Just so you know: in the tool kit with the jack is a shiny silver screw-in tow hook eyelet thingy. There is a small plastic removable cap on each bumper (rear left, front right) which reveals a threaded hole. Pop the cap, screw in the eyelet, attach a strap, and presto.
That is one of the reasons I went with the Outback, there is a video showing those others not able to give the rear wheels enough power. However, they didn't show a RAV4 with the center diff locked, and I think I learned later that a couple others had that option too.
One of these days when we have a RAV4 in stock (actually, we have one now) I'm going to take it to a dirt hill and try a stop-n-go climb test with the diff unlocked and then locked. I want to see if locking it will actually send enough torque to climb the hill. (I've already tried it personally in a RAV4 without the diff lock feature, and I verified the diff can't send torque rearward in that scenario.)
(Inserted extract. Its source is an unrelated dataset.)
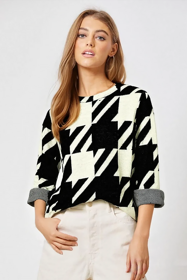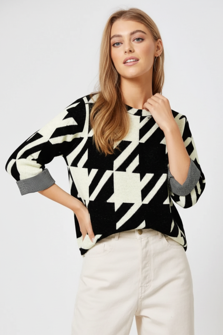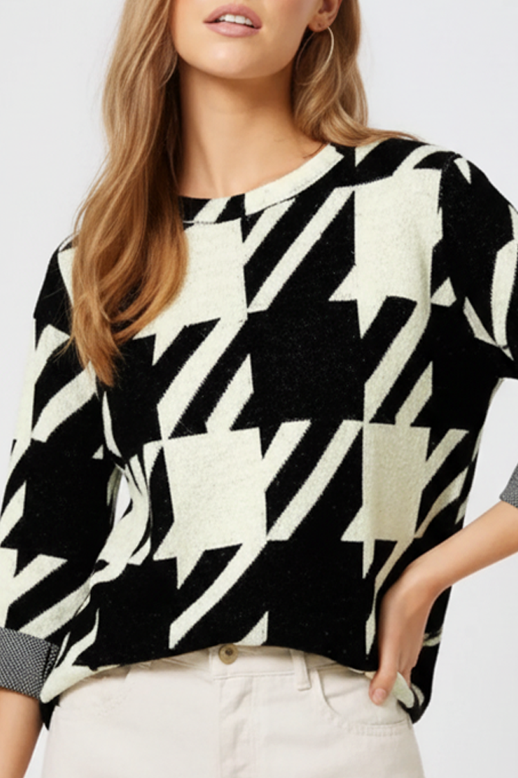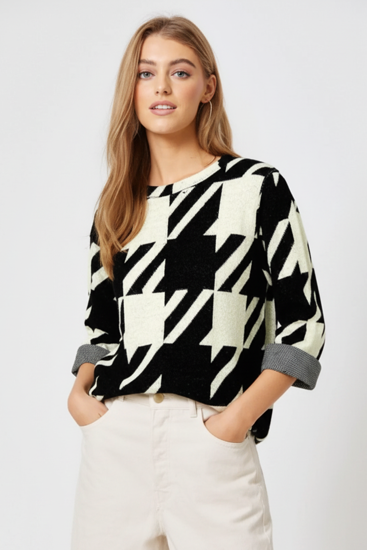 - A modell kényelmes szabással, kerek nyakkivágással és fekete-fehér mintával rendelkezik.

I told my mom that if there is snow on the road up there to push the center-diff button. Seems to work. Score one for driving. And for the same reason, my wife prefers the Outback and not having to push a button. Score one for happy wife.
Sounds like a win-win.
You can pass this on to the marketing dept:
Bottom line is their older Subi's make it just fine and the new ones don't and they can't find a button to turn the nanny-mode off.
I want to talk to you in greater depth about this. I am genuinely curious. (BTW, simply pressing 'VDC off' in your car will make it functionally equivalent to any pre-2008 Subaru with Active AWD.)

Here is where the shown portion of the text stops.